Existe também uma raiz alimentada pela bioeconomia que refuta a crença nas novas tecnologias e nos aumentos de eficiência como salvação da crise socioambiental. O Decrescimento não nega o benefício que as inovações tecnológicas podem propiciar. Mas, questionam a capacidade dessas inovações em superar os limite biofísicos e em sustentar um crescimento econômico infinito. Ao assumir isso o Decrescimento fica exposto à acusação de que é malthusiano. De fato se fala de regulação da população. Mas, que seja igualitária e democrática em lugar de violenta e desumana mediante a doença e a fome como queria Malthus. Rejeita-se a limitação do número de filhos, e assume-se uma transição demográfica por meio da emancipação das mulheres, da alfabetização, da democracia. A questão da população é importante, mas não é a causa primeira dos problemas. Centralizar na população é reacionário e evita olhar para a questão da distribuição. Portanto, a critica do Decrescimento não se concentra no tamanho da população, mas sobre o consumo dos recursos naturais. Por exemplo, para os partidários do Decrescimento, não é a população humana que é muito numerosa, mas sim a quantidade de automóveis. A necessidade não é reduzir a população, mas de reduzir e distribuir o consumo de recursos naturais e de escolher o que produzir.
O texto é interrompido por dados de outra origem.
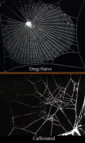 An image comparing the web of a drug-naïve spider to that of a spider having been given caffeine.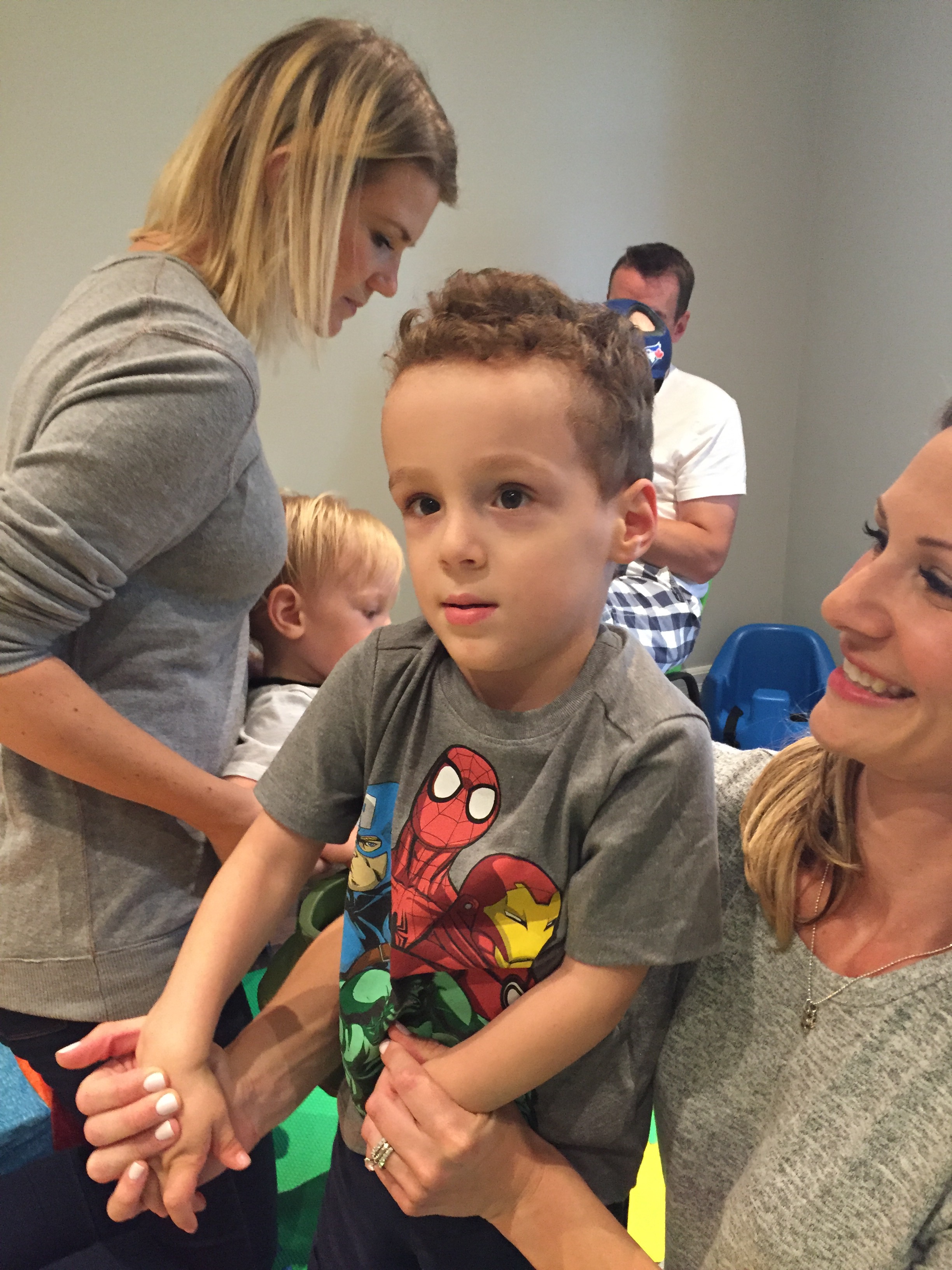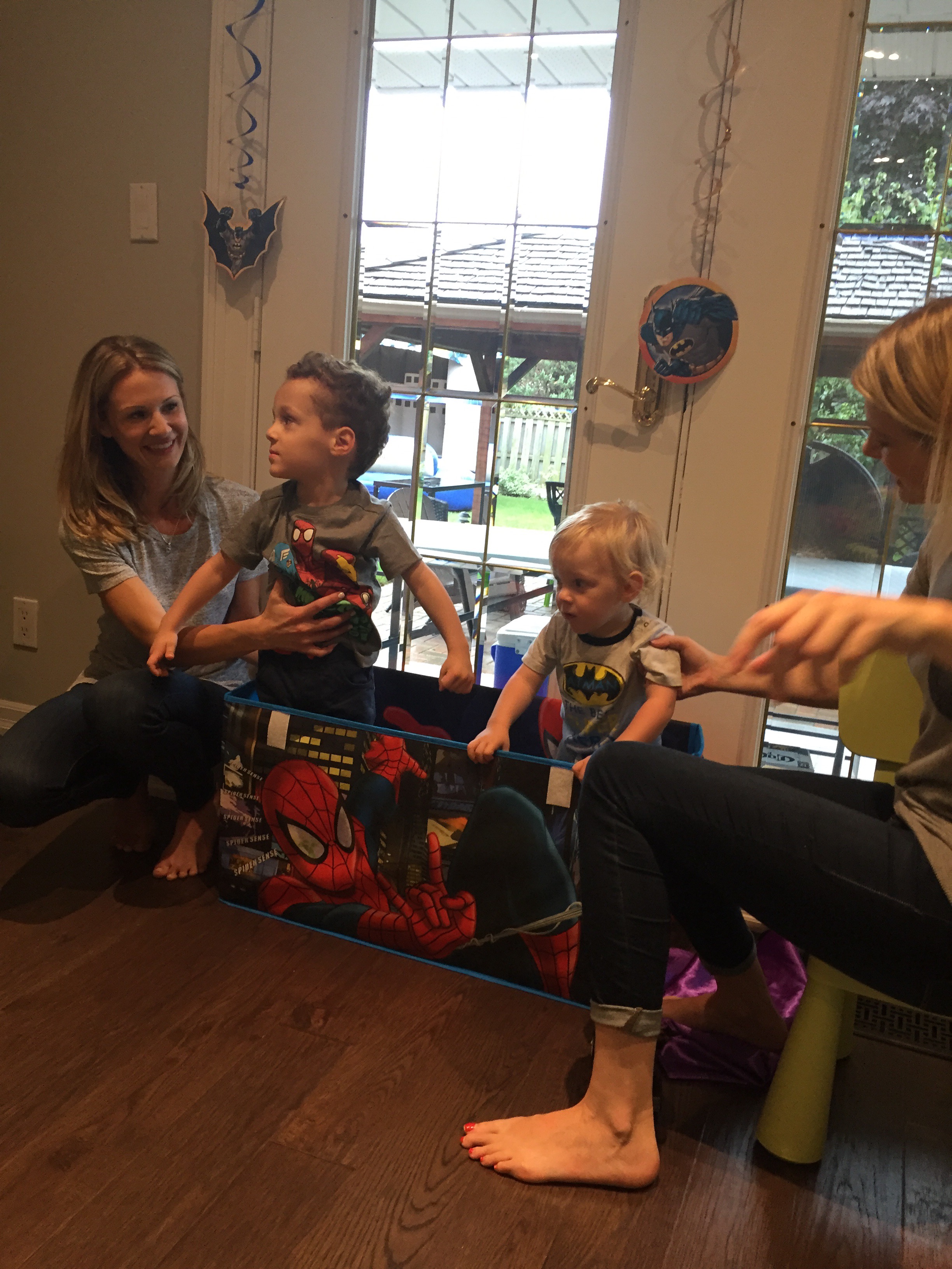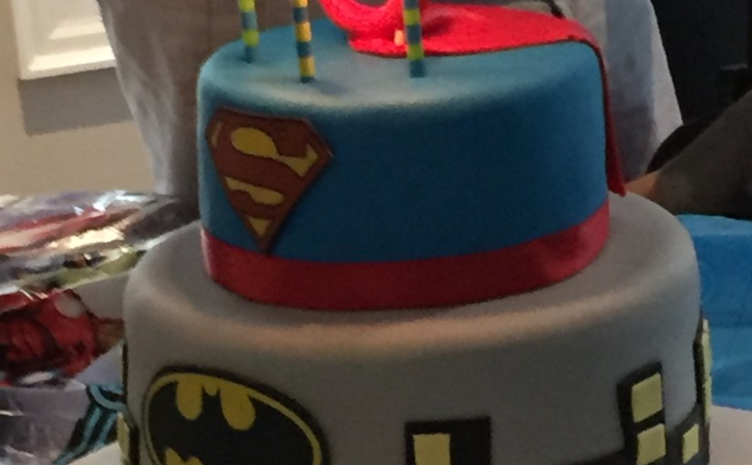 MThey ate lots of yummy food, played with all Ben’s toys, sang happy birthday with a super cool super hero cake and jumped like crazy in the super hero bouncy castle. Mommy was so proud of Madi for trying to jump on her feet. She has been working on the feeling of jumping and learning how to bend her knees and then reach high to jump at conductive Ed for over a year. She is always scared to let go when jumping and she tried it today! Check out the video below!

Mas quem decide? A essência do debate em torno da palavra Decrescimento reside em pensar e por em prática uma transformação escolhida, livre e equitativa para uma sociedade mais sóbria e solidária. A democracia é central sendo recorrente a defesa da soberania popular, da igualdade de condições e das decisões participativas. Ao mesmo tempo que defendem isso, os partidários do Decrescimento denunciam a ameaça que as instituições do crescimento econômico lançam sobre a democracia e duvidam se efetivamente vivemos numa democracia, questionam se a economia do crescimento “é a democracia” e se as instituições que viabilizam o crescimento econômico são realmente democráticas.
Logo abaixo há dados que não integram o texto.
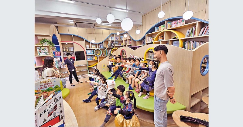 訪問地點是圖書館,館中以「知識森林」為主題,採用彩色及大自然圖案設計,融入木系家具,煥然一新。進入前必須先脫鞋,保持乾淨衞生。

A partir do que já foi dito acima e analisando textos e debates sobre o decrescimento e sobre a economia solidária identifico alguns elementos comuns entre ambos movimentos, dos quais cito seis: 1) compromisso com a equidade e o bem estar social de todos e todas em que a redistribuição é uma condição fundamental; 2) defesa da necessidade de reformulação do sistema monetário-financeiro, com a proposição de diferentes tipos de políticas e instituições, como por exemplo, novas formas de moedas, um sistema financeiro controlado democraticamente e sem finalidade primeira de crescer e acumular; 3) relocalização da economia, onde se prioriza a produção local, a partir dos recursos naturais e financeiros locais, para atender as necessidades locais; 4) a submissão do lucro e da acumulação de capital às necessidades humanas reais; 5) a solidariedade como valor central no processo de produção e o controle social e coletivo sobre os empreendimentos econômicos; 6) a necessidade de se atribuir outros sentidos às instituições sociais e econômicas, como o mercado, a moeda, o sistema financeiro, à noção de necessidade e ao benefício comercial e financeiro, como por exemplo, conceber o mercado como meio e como espaço em que se estabelecem outras relações sociais para além da simples troca econômica, como o encontro de saberes, da partilha e da construção de laços sociais.
 
Para concluir, acredito que a economia solidária e o decrescimento expressam claramente que o entendimento do esgotamento do modelo socioeconômico ocidental está presente tanto nos países do Norte como nos do Sul. Diferentes movimentos sociais em diferentes contextos históricos, sociais e ambientais parecem expressar elementos em comum que abrem espaços para a construção de alianças na construção de alternativas à esse modelo de desenvolvimento que se pretende hegemônico. Mas, mais do que uma aliança, me parece que a Economia Solidária no Brasil é um dos movimentos que poderá dar legitimidade e sentido ao debate do Decrescimento para além do contexto europeu, trazendo-o para lhe atribuir sentido numa perspectiva desde o Sul. E assim assumirmos que a economia do crescimento ilimitado, consumista e individualista também não nos interessa.

Originalmente publicado em Jornal do 2o Fórum Social e 2a Feira Mundial de Economia Solidária. Santa Maria – RS. p. 42, 2013.